* [WORK TO COMPLETE]
Reproduce the material below only from the line with "本网讯(通讯员 张继成)近日" to the line with "四川康藏路桥有限责任公司国道", both included, keeping each line exact and dropping the pictures.

* [DATA PROVIDED]

****************************************

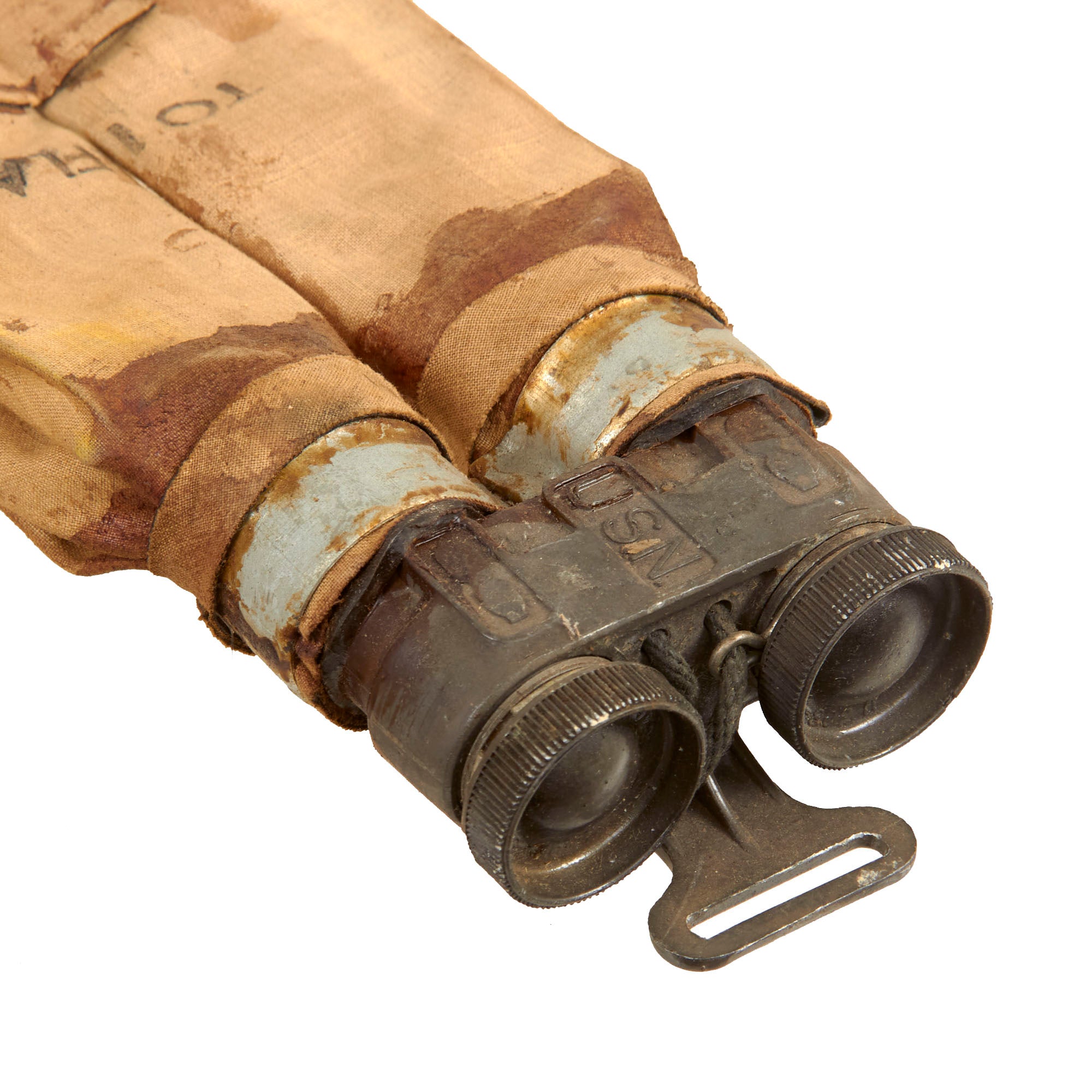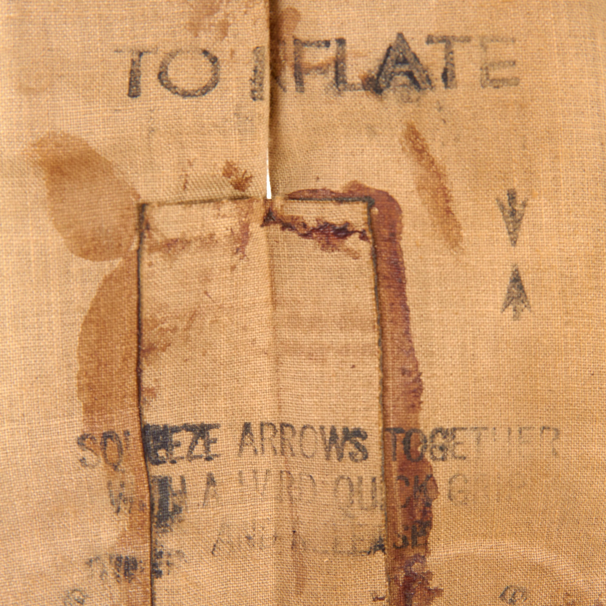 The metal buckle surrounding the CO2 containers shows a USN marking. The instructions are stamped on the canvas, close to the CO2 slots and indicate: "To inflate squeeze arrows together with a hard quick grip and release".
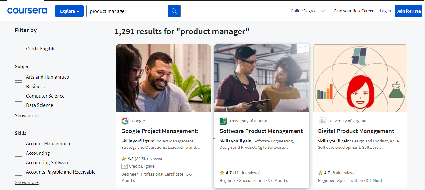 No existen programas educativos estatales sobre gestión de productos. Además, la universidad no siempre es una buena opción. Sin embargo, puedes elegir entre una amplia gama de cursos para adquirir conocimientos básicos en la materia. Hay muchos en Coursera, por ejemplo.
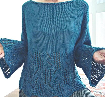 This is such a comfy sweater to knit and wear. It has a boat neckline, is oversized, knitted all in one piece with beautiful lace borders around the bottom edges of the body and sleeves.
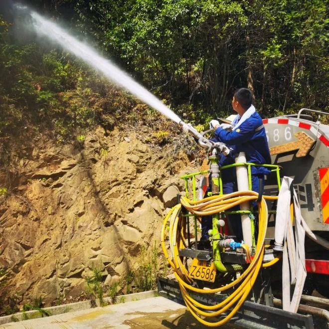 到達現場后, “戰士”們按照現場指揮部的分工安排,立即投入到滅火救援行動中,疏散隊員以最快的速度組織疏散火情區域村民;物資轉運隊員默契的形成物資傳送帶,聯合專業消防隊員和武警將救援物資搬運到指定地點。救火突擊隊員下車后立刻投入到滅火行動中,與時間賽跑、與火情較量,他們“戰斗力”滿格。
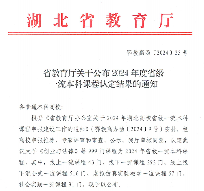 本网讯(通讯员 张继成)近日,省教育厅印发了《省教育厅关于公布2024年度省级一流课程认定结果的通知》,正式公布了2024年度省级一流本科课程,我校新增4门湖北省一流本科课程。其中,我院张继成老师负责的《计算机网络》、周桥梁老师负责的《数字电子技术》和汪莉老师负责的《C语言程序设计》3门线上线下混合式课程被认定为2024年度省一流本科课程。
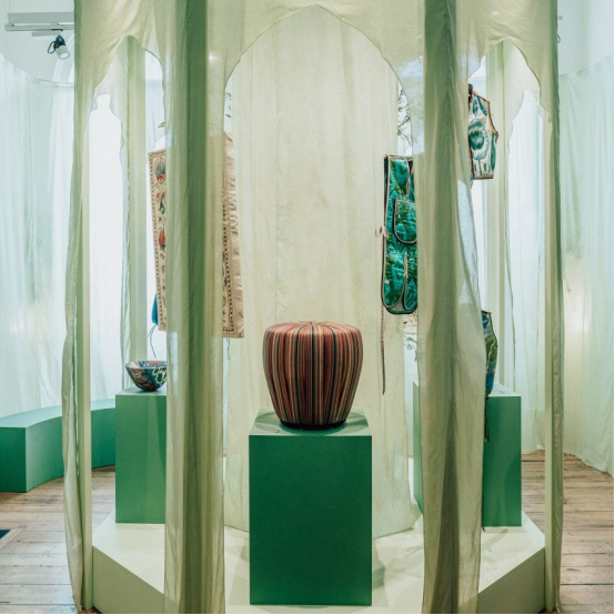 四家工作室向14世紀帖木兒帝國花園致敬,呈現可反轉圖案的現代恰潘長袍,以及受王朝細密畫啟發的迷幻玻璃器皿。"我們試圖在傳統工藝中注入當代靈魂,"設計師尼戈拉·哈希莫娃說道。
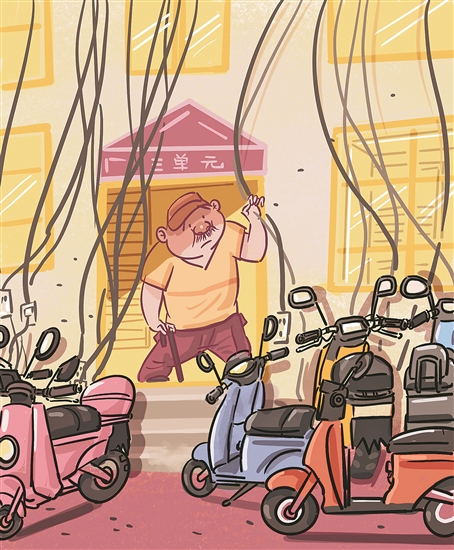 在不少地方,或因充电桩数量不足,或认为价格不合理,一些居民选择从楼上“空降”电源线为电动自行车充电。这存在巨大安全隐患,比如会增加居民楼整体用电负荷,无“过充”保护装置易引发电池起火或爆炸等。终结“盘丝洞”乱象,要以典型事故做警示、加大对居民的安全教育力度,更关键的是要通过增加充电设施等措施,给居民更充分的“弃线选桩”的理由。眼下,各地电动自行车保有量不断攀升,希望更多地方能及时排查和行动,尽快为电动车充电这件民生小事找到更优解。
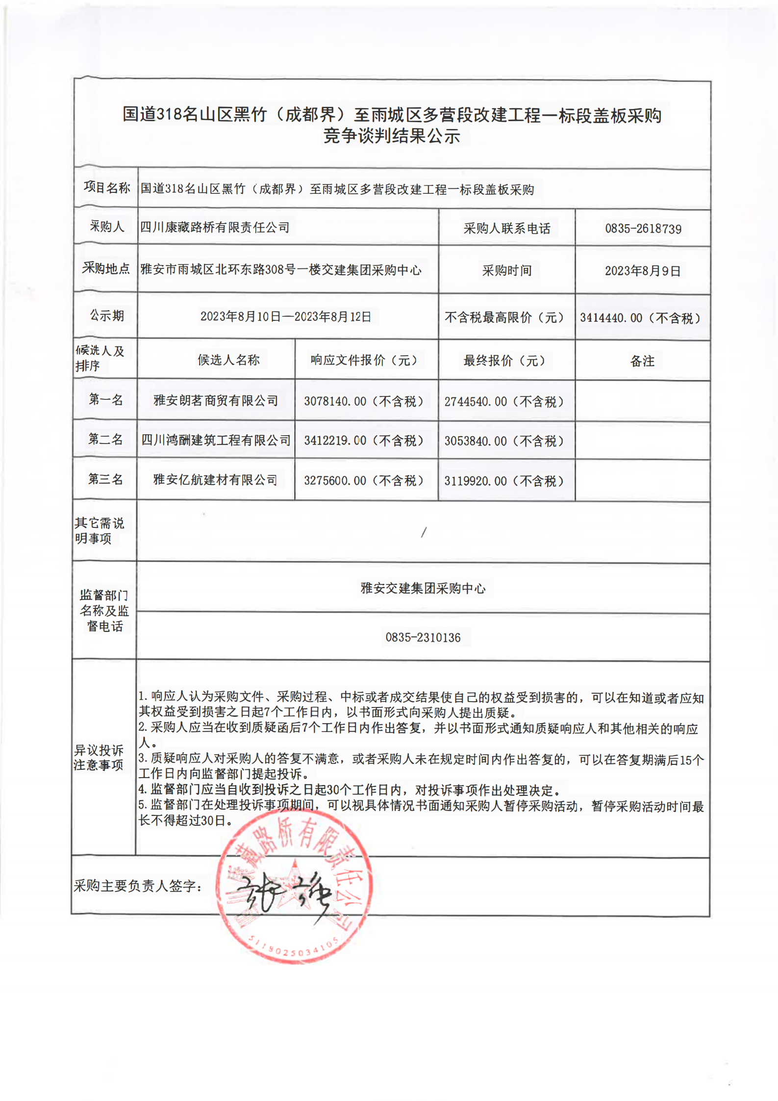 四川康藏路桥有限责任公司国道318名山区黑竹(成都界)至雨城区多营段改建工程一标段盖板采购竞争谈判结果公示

****************************************

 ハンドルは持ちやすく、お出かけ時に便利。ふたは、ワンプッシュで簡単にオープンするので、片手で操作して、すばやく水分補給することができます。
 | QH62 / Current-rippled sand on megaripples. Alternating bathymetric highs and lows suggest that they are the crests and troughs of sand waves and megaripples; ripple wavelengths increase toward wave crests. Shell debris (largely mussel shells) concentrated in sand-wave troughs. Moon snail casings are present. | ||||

****************************************

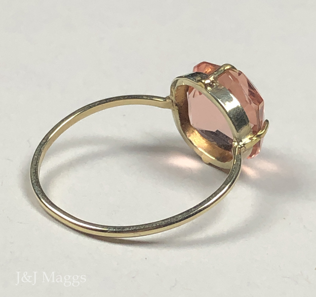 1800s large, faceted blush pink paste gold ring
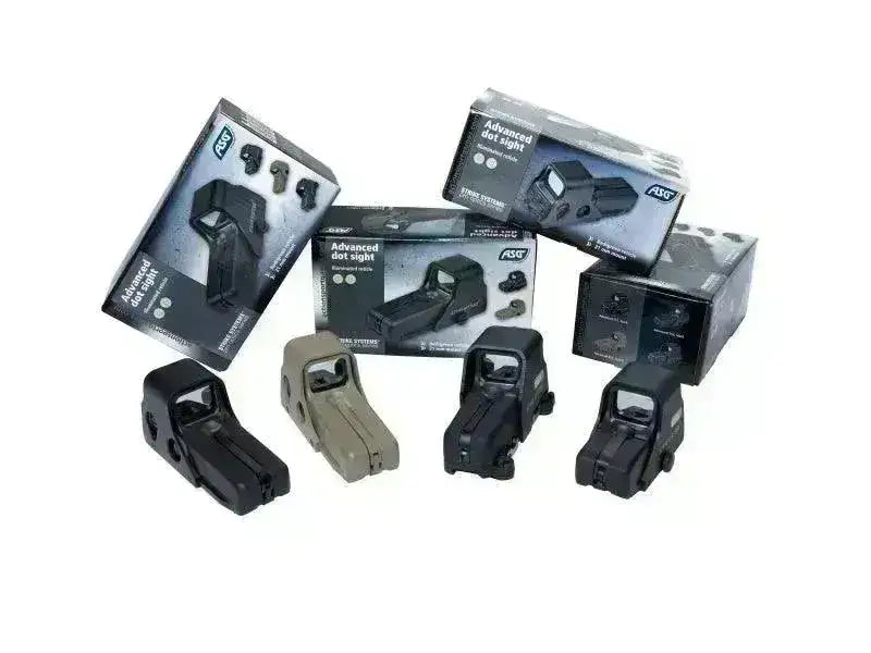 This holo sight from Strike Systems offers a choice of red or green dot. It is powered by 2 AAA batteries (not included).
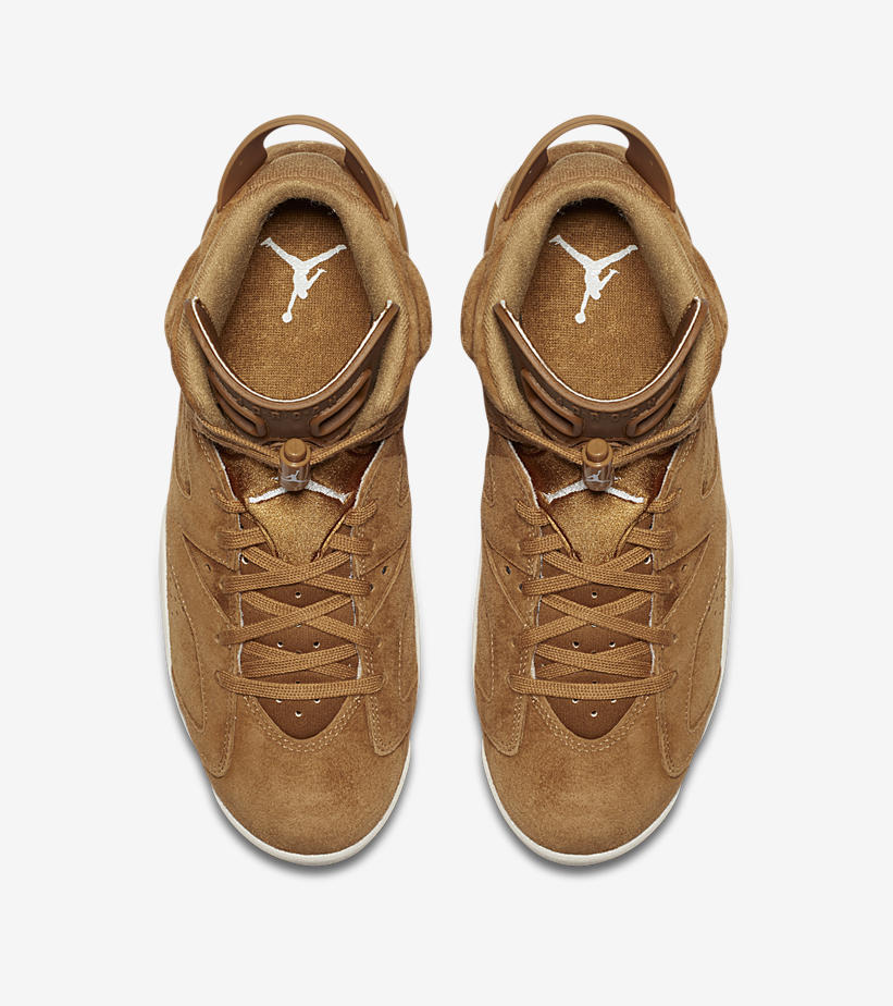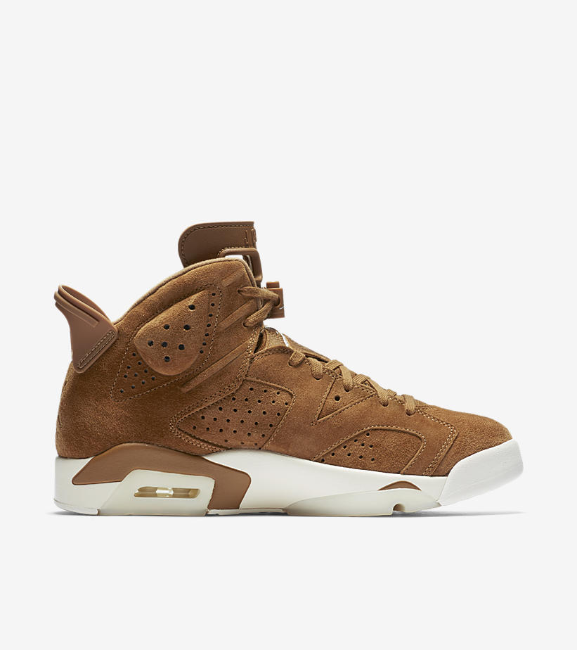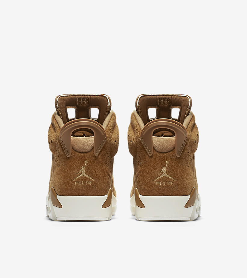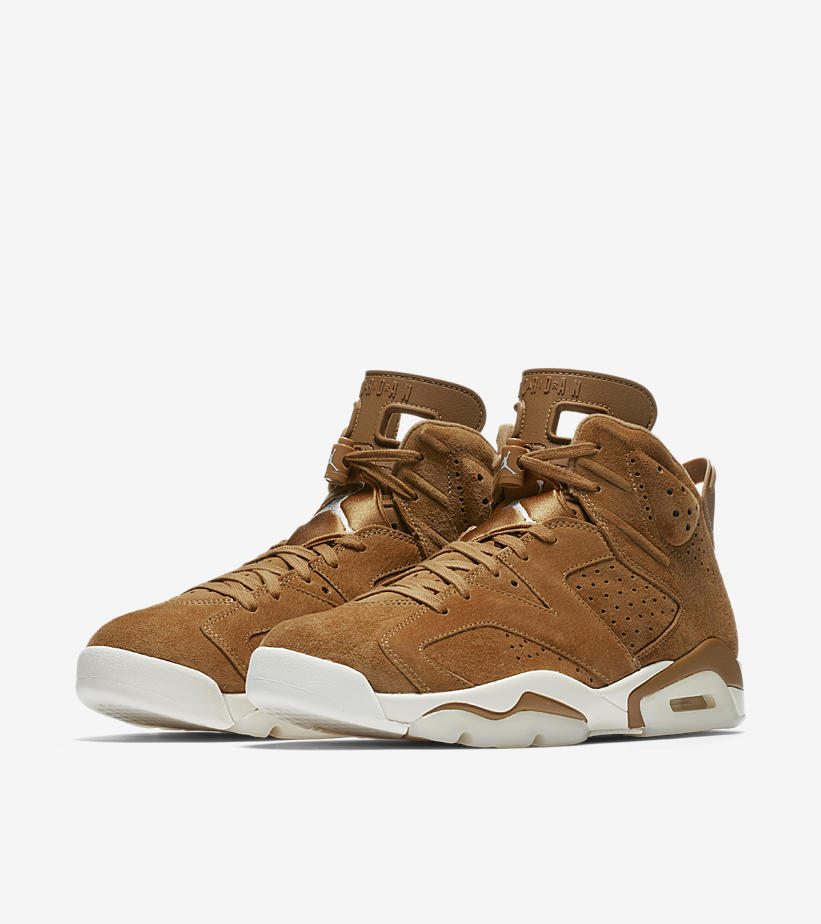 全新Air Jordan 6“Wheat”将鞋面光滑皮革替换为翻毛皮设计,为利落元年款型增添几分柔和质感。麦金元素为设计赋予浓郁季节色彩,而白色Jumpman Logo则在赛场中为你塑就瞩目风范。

****************************************

* [RESULT]
 本网讯(通讯员 张继成)近日,省教育厅印发了《省教育厅关于公布2024年度省级一流课程认定结果的通知》,正式公布了2024年度省级一流本科课程,我校新增4门湖北省一流本科课程。其中,我院张继成老师负责的《计算机网络》、周桥梁老师负责的《数字电子技术》和汪莉老师负责的《C语言程序设计》3门线上线下混合式课程被认定为2024年度省一流本科课程。
 四家工作室向14世紀帖木兒帝國花園致敬,呈現可反轉圖案的現代恰潘長袍,以及受王朝細密畫啟發的迷幻玻璃器皿。"我們試圖在傳統工藝中注入當代靈魂,"設計師尼戈拉·哈希莫娃說道。
 在不少地方,或因充电桩数量不足,或认为价格不合理,一些居民选择从楼上“空降”电源线为电动自行车充电。这存在巨大安全隐患,比如会增加居民楼整体用电负荷,无“过充”保护装置易引发电池起火或爆炸等。终结“盘丝洞”乱象,要以典型事故做警示、加大对居民的安全教育力度,更关键的是要通过增加充电设施等措施,给居民更充分的“弃线选桩”的理由。眼下,各地电动自行车保有量不断攀升,希望更多地方能及时排查和行动,尽快为电动车充电这件民生小事找到更优解。
 四川康藏路桥有限责任公司国道318名山区黑竹(成都界)至雨城区多营段改建工程一标段盖板采购竞争谈判结果公示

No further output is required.